= ABOUT THIS TASK =
If a line below falls between the line with "使用轮椅上坡,身体前倾,重心前移,面朝前进方向执行,防止后翻。" and the line with "The entrance is", or is one of those two, output it exactly; output nothing else and no pictures.

Start of GIVEN ENTRIES

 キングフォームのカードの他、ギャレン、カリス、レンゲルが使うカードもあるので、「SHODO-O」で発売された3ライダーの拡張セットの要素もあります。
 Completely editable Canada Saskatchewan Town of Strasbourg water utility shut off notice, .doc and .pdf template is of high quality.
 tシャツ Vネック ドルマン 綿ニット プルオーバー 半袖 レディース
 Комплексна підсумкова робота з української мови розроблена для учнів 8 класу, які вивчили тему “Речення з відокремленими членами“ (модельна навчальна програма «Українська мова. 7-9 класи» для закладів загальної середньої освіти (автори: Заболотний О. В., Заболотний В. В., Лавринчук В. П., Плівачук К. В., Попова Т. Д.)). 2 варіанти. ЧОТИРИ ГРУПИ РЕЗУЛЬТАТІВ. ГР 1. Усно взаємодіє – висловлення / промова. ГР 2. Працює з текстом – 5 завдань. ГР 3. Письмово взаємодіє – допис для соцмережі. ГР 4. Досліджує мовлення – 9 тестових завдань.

End of GIVEN ENTRIES
Start of GIVEN ENTRIES

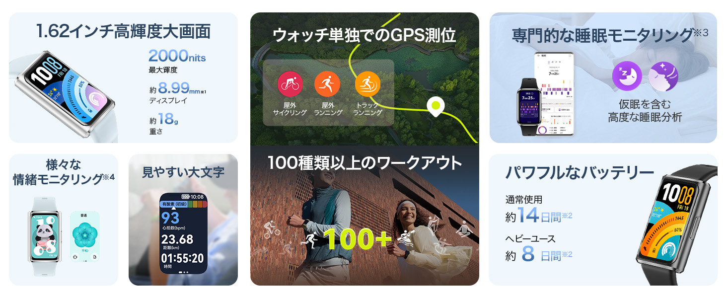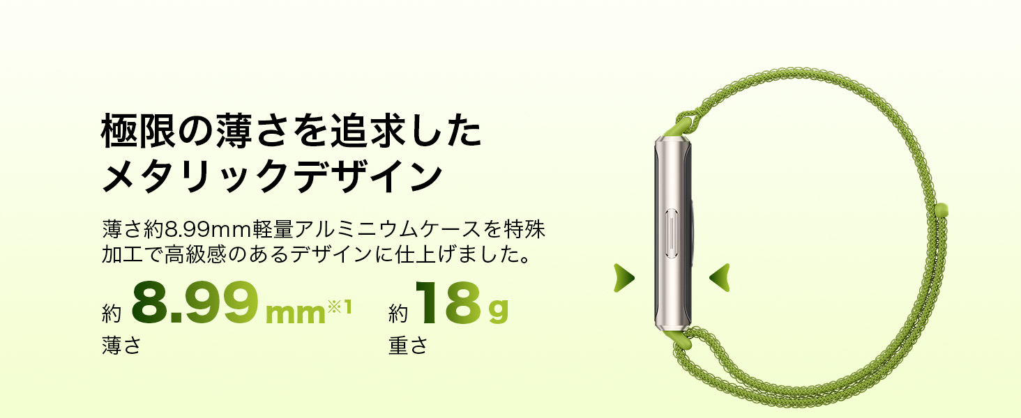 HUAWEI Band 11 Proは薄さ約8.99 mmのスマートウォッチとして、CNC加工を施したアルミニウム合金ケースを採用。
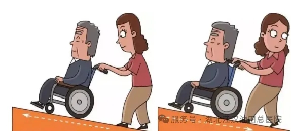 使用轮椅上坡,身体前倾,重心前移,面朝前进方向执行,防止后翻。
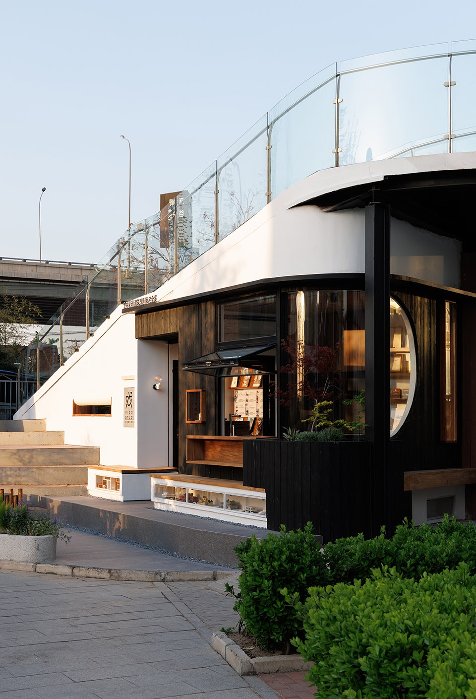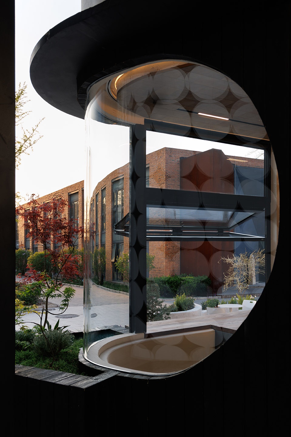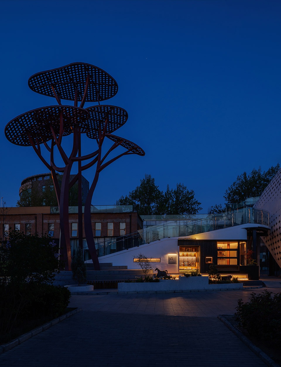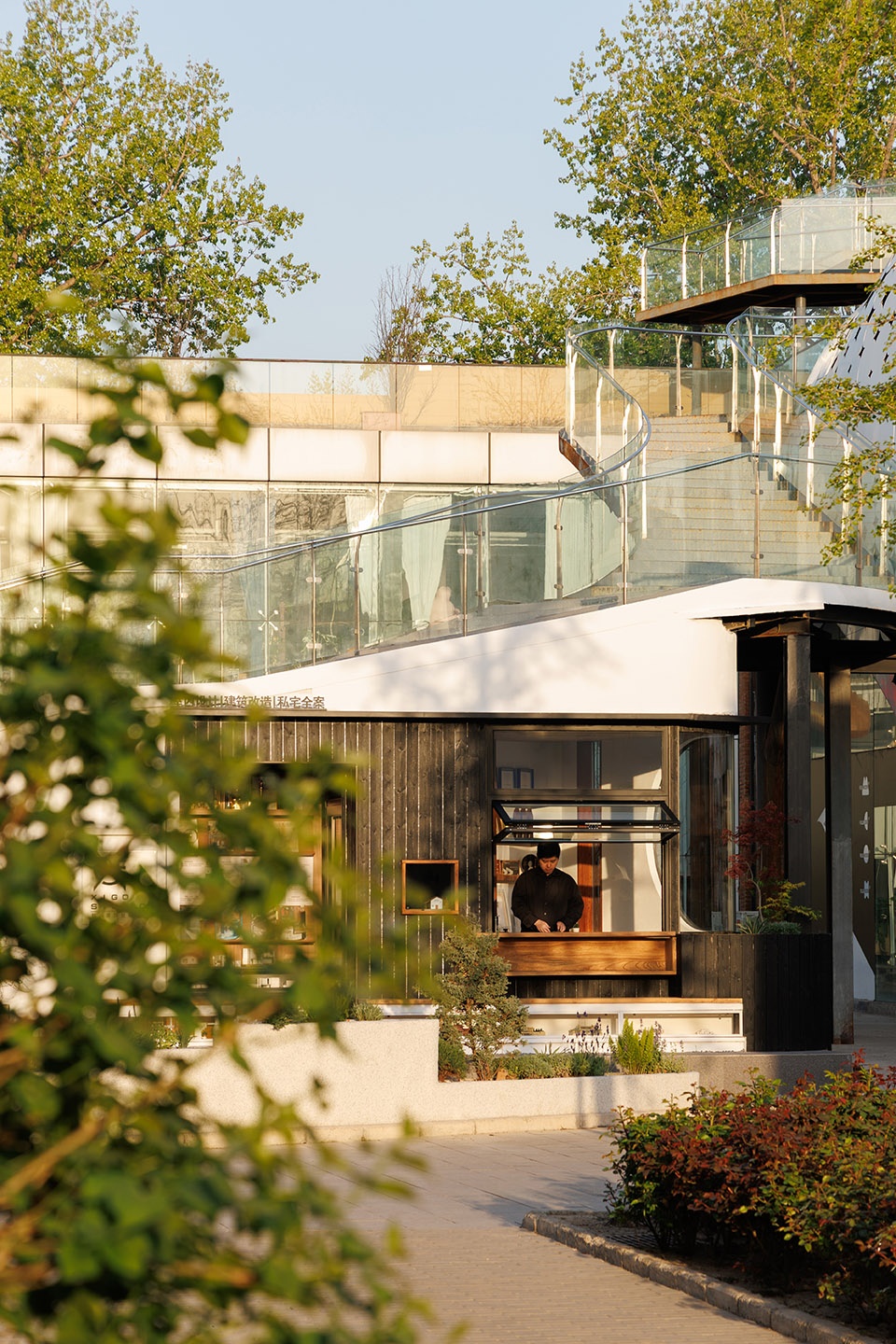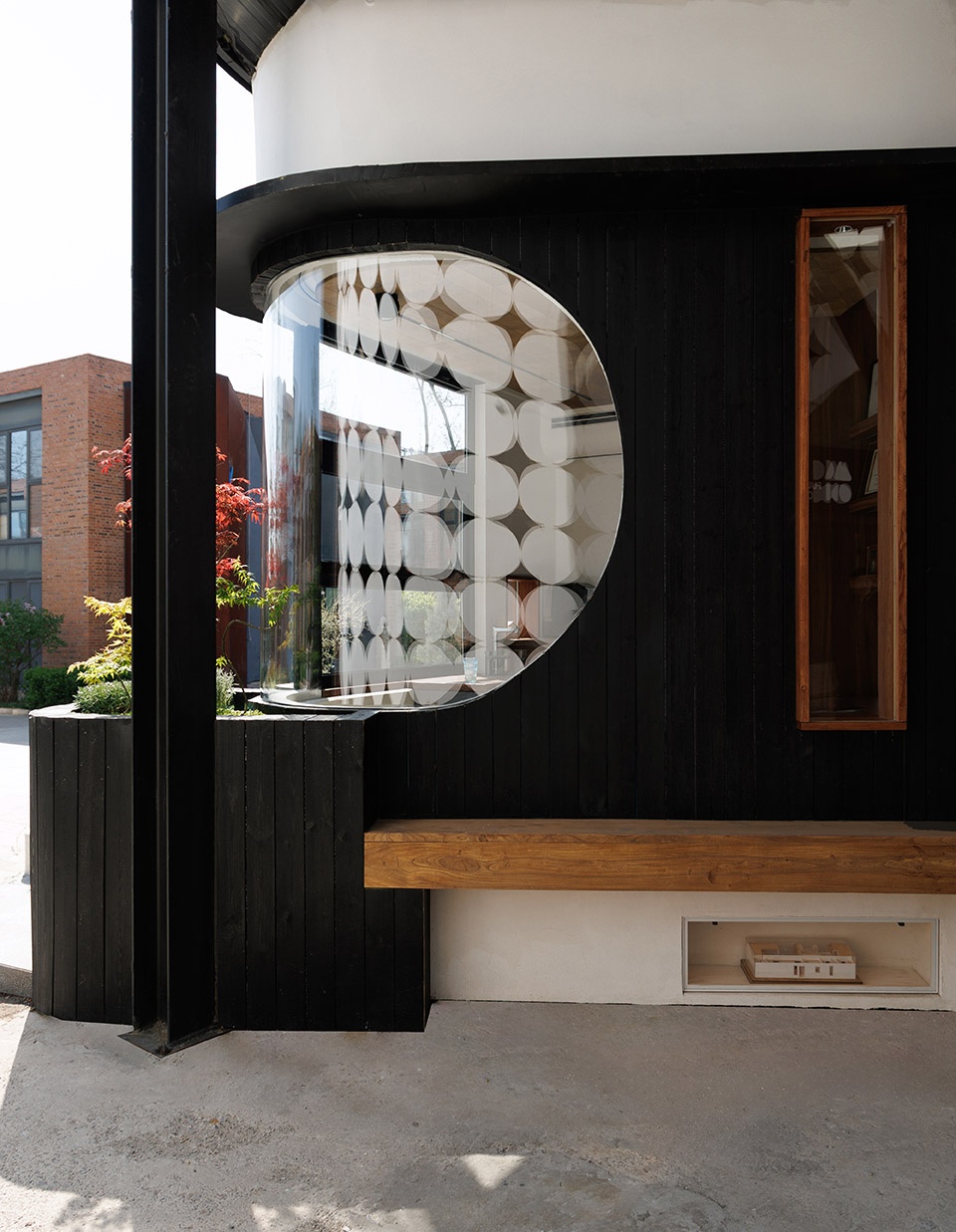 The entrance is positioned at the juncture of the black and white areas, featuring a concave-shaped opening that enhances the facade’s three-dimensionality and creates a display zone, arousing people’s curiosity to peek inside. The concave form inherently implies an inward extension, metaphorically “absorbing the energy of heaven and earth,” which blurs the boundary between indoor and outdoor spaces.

End of GIVEN ENTRIES

= OUTPUT FOR THIS TASK =
 使用轮椅上坡,身体前倾,重心前移,面朝前进方向执行,防止后翻。
 The entrance is positioned at the juncture of the black and white areas, featuring a concave-shaped opening that enhances the facade’s three-dimensionality and creates a display zone, arousing people’s curiosity to peek inside. The concave form inherently implies an inward extension, metaphorically “absorbing the energy of heaven and earth,” which blurs the boundary between indoor and outdoor spaces.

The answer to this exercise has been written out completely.